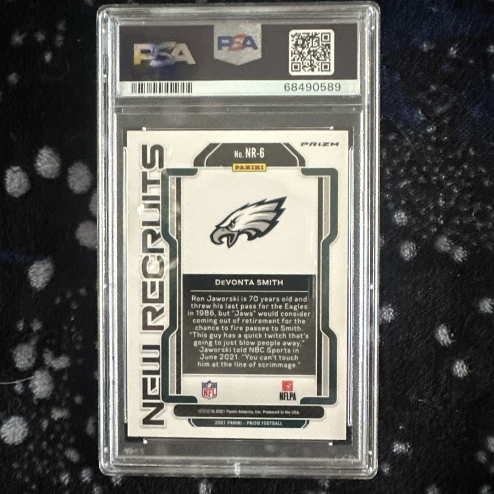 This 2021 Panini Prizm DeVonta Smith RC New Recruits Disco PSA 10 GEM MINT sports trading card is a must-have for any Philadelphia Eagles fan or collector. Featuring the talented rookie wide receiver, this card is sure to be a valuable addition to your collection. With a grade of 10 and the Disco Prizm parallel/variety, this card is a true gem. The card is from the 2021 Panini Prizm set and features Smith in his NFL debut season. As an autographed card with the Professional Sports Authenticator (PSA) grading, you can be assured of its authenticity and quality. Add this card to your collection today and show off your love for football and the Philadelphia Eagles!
==
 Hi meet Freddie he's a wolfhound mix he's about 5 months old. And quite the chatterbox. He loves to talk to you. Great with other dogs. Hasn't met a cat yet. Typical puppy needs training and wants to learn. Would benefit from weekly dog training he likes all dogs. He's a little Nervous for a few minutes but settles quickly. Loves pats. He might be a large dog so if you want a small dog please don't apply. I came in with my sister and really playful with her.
==
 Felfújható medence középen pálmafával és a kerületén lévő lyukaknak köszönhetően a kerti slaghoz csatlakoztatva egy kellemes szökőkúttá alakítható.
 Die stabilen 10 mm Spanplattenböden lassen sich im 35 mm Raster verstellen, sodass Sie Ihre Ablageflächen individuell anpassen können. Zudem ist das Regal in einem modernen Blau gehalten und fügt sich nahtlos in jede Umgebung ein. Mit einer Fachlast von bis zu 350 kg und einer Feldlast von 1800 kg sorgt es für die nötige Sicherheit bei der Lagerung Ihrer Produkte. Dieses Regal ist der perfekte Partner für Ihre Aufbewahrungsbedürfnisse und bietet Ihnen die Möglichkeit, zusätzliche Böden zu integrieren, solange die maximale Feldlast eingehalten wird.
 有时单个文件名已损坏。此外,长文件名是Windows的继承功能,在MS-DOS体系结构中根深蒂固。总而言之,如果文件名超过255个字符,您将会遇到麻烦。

▶ _What to work on_
For the listing above, print only the lines starting at the line containing "Die stabilen 10" and ending at the line containing "有时单个文件名已损坏。此外,长文件名是W", exactly, both included.

▶ _Result_
 Die stabilen 10 mm Spanplattenböden lassen sich im 35 mm Raster verstellen, sodass Sie Ihre Ablageflächen individuell anpassen können. Zudem ist das Regal in einem modernen Blau gehalten und fügt sich nahtlos in jede Umgebung ein. Mit einer Fachlast von bis zu 350 kg und einer Feldlast von 1800 kg sorgt es für die nötige Sicherheit bei der Lagerung Ihrer Produkte. Dieses Regal ist der perfekte Partner für Ihre Aufbewahrungsbedürfnisse und bietet Ihnen die Möglichkeit, zusätzliche Böden zu integrieren, solange die maximale Feldlast eingehalten wird.
 有时单个文件名已损坏。此外,长文件名是Windows的继承功能,在MS-DOS体系结构中根深蒂固。总而言之,如果文件名超过255个字符,您将会遇到麻烦。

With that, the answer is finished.